On Monday, Chinese Foreign Minister Wang Yi said that Asian Nations should avoid being used as “chess pieces” by global powers in a region that is being reshaped by geopolitical factors.
In a speech given to the secretariat of the Association of Southeast Asian Nations (ASEAN) in Jakarta,
Many countries in the region, according to Wang, are under pressure to take sides.
“We must protect this region from geopolitical calculations… from being used as chess pieces in major power rivalry and coercion,” Wang said through a translator.
“Our region’s future should be in our own hands,” he said.
Southeast Asia has long been a source of contention between powers due to its strategic importance, with countries in the region now wary of becoming embroiled in the US-China rivalry.
China claims almost the entire South China Sea as its territory, citing what it claims are historical maps, putting it at odds with some ASEAN countries, who say the claims are illegal under international law.
Wang’s speech comes just days after he attended a G20 meeting of foreign ministers in Bali, amid intense Chinese diplomacy that has seen him make a string of stops across the region in recent weeks.
Wang met with US Secretary of State Antony Blinken for five hours on the sidelines of the G20, and both described their first in-person talks since October as “candid.”
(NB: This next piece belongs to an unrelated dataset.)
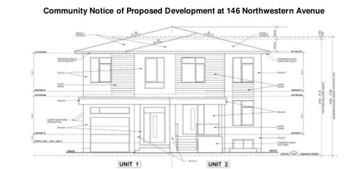 This is advance notice of a redevelopment Application for 146 Northwestern Avenue. We expect that it will be heard by the Committee of Adjustment, Panel 1, on December 6. When the CofA Agenda is posted, we will update this notice with related links to the City web site.

Wang mentioned on Monday that he told Blinken that both parties should discuss the establishment of rules for positive interactions and jointly uphold Asia-Pacific regionalism.
“The core elements are to support ASEAN centrality, uphold the existing regional corporation framework, and respect each other’s legitimate rights and interests in the Asia-Pacific, instead of attempting to distress or contain the oppo” Wang said.
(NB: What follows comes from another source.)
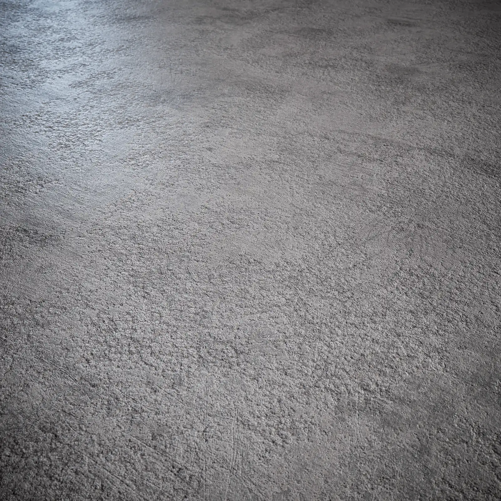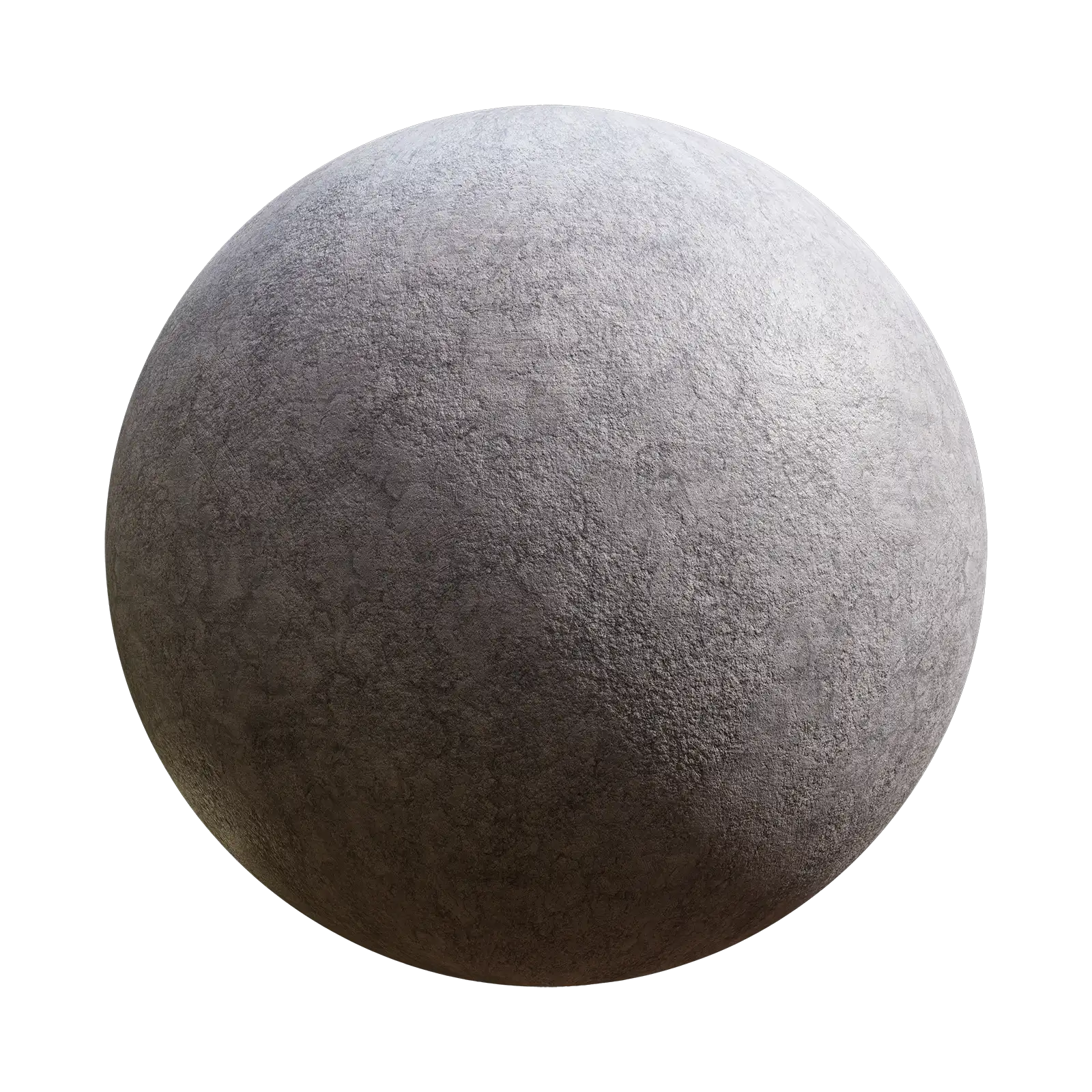 High-resolution PBR concrete texture featuring a rough, granular surface in grey tones with natural stone-like variations. This seamless material includes complete texture maps and is suitable for architectural visualization, construction elements, walls, flooring, and industrial environments in 3D rendering applications.

In response to a question about Taiwan after his speech, Wang stated that Washington is “trying to play the Taiwan card to disrupt and contain China’s development by distorting and hollowing out the One China policy.”
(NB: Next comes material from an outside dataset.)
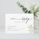 Cartão RSVP de Casamento Elegante, com um delicado galho verde e uma elegante tipografia de roteiro.
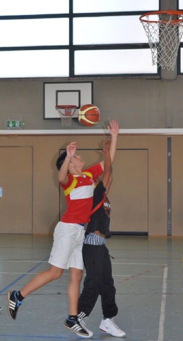 so Sportlehrer Olaf Fritsch, und seine Prophezeiung sollte sich bewahrheiten. Die fünften und sechsten Klassen gaben alles, verausgabten sich, gerieten mächtig ins Schwitzen, waren heiser vom Anfeuern...und kürten zum Ausklang des erfolgreichen Sportjahres die verdienten Sieger der Unterstufen-Basketballturniere.

Tensions between Beijing and Taipei have risen in recent months, as China’s military has conducted multiple air missions over the Taiwan Strait, the waterway that separates the island from China.
China regards Taiwan as a “sacred” territory and has never renounced the use of force to seize control of the island.
Taiwan claims to want peace, but only its people can decide its fate.
Washington maintains its commitment to its One China policy and does not support Taiwanese independence.
However, under the US-Taiwan Relations Act, the US must provide Taiwan with the means to defend itself.
“The two sides across the (Taiwan) Strait will develop peacefully.” “However, if the one-China principle is arbitrarily challenged or even sabotaged, there will be dark clouds or ferocious storms, across the strait,” Wang warned.
Taiwan’s Foreign Ministry called Wang’s remarks “absurd,” saying it strongly condemned them.
“Taiwan is at the forefront of resisting authoritarian expansion and will not succumb to Chinese government threats of force,” ministry spokeswoman Joanne Ou said.